Additionally, we have traditionally failed to put students close to the process of identifying community needs in partnership with actual community members. Sure we can study all the ways that populations of parents and students in Newark are disadvantaged, and make college-educated guesses about what might need to be done, or what might work. We could even take these guesses to district officials and local government, but unless we bring the community with us to these decision-making tables, our good ideas will remain useless. Partially because they aren’t informed by the people who would be directly impacted by any system changes, but also because the parents and voters in community don’t have ownership of the proposal.
This is a new type of CSL, one that connects students to parents in a way that better prepares them for careers in education as teachers, administrators, coaches, policy makers, non-profit starters, elected officials, the list goes on. This is because students will now have a role in organizing the community--a skillset that is excluded from our traditional curricula. In a nutshell, service doesn’t go deep enough because it doesn’t address root causes. Sure we tutor for twelve hours a semester, and that might help a group of 100 disadvantaged individuals (an extremely generous estimate) pass standardized tests this spring, but how are we changing things so that the next 10,000 individuals are less-disadvantaged and better served in the local education system.
Enter research, which also doesn’t go deep enough. Sure, now we analyze systems and make informed conjectures about what should change, but there is a lot of ground to cover after we record trends, document areas that need improvement, and, if the research goes so far as to include recommendations, suggest a few good ideas.The research baton gets passed to organizers--people who work to get entire communities of people to agree on the problems, translate research into concise lessons for regular busy people, and unite ALL the stakeholders around solutions. Additionally, after they have facilitated all this common ground, organizers give structure and strategy to movements. This is the ultimate intellectual challenge: how to change minds that are already made-up.
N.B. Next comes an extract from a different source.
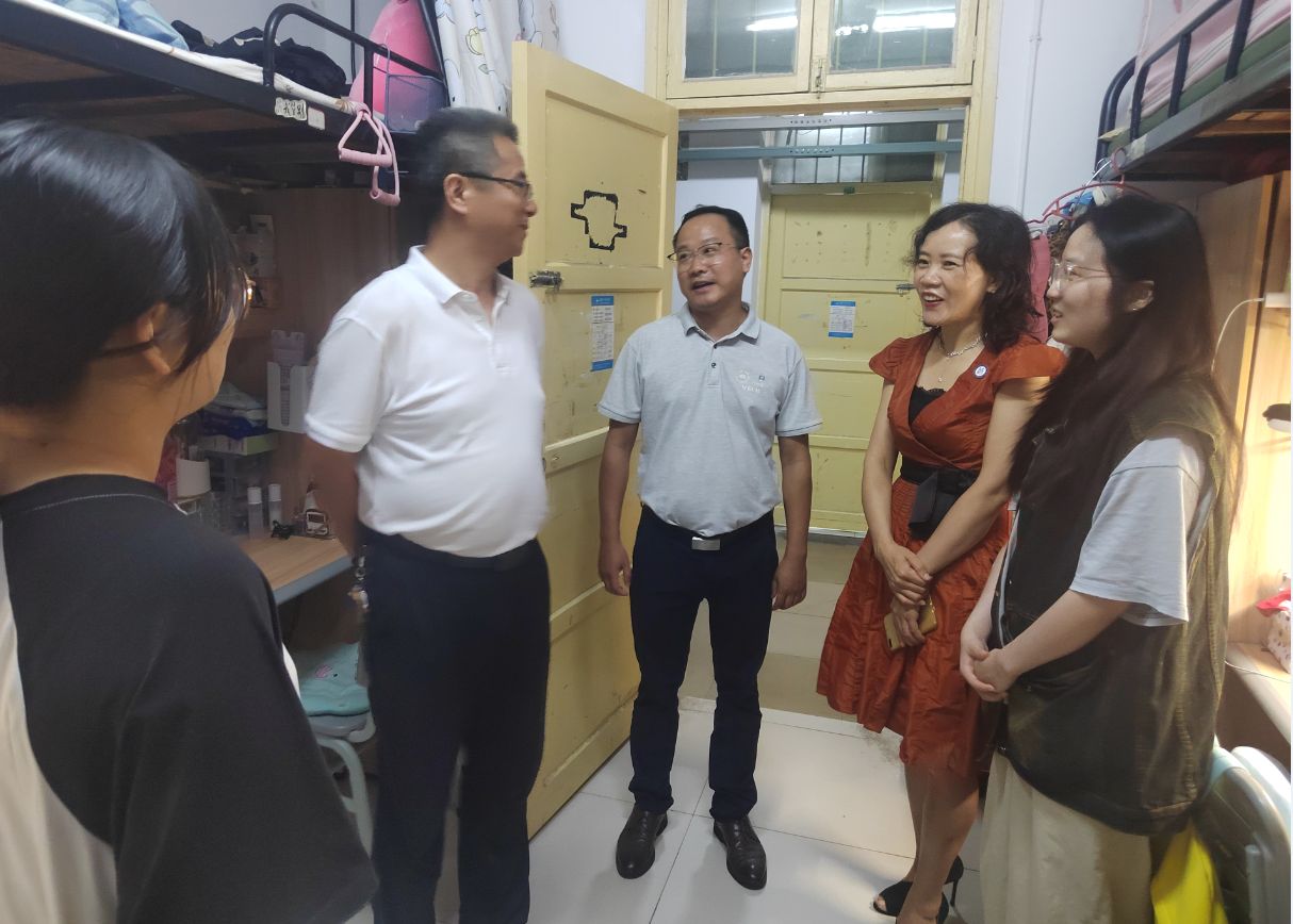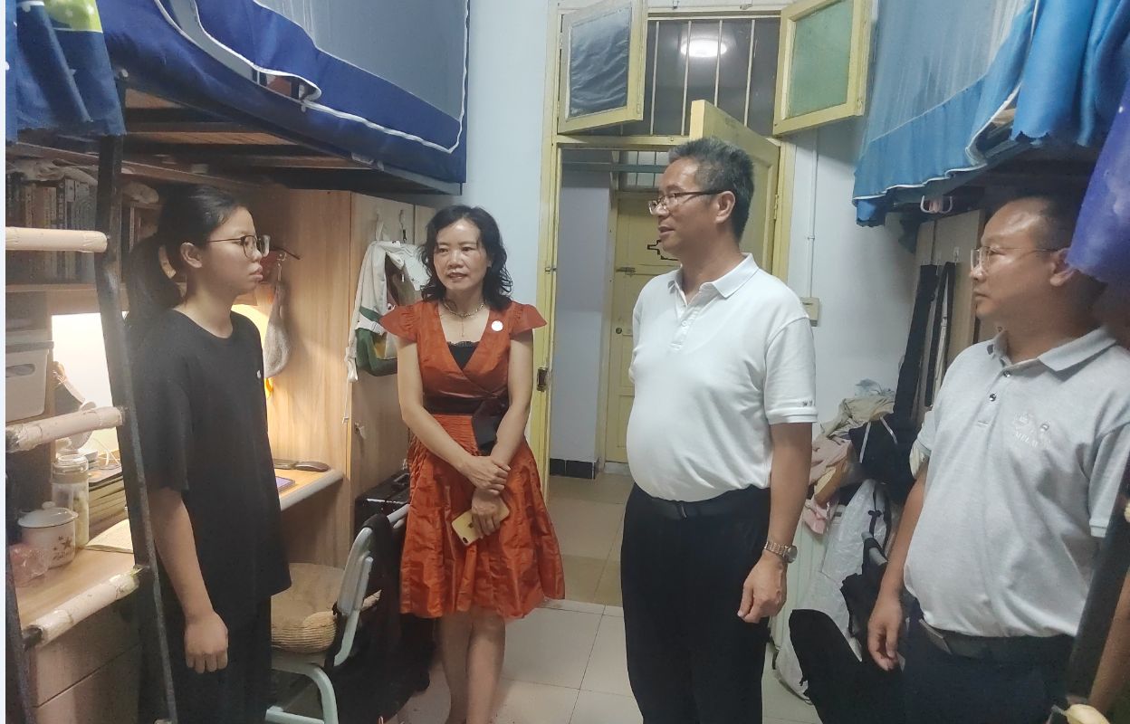 9月16日晚,校长喻祖国在学工处副部长付焱、数学与统计学院党委副书记申鸣凤、学工办副主任毕倩等陪同下,深入学思苑学生社区开展走访调研。一行人先后走进学生寝室和考研自习室,与同学们亲切交谈,详细了解大家的日常生活、学习状态及备考情况。

Semester One of NEEP, will consist of a district-wide student-led listening campaign that will prioritize reaching underserved and disadvantaged Newark City Schools parents to identify what they need in order to better be able to support their student in school. Students will meet with community leaders who strive to empower the voices of Newark’s disadvantaged citizens to inform the development of the eleven-week listening campaign effort. Questions on the actual survey will be drafted in collaboration Newark educators, parents, and Denison education professors.
We recommend that the listening campaign be centered on a five-minute survey administered during parent-teacher conferences in Newark City Schools in the fall. Students in the class will draft the survey, train teachers in administering it, then collect and compile the data before delivering a community report. This may require coalition work with district officials, members of the local press, and other community leaders. Additionally, students may need to supplement conference surveying with door-to-door canvassing in disadvantaged neighborhoods in Newark to reach families who can’t make parent-teacher conferences. This may require working in coalition with community associations, grassroots organizations, and faith groups to make sure we reach as many disadvantaged families as possible.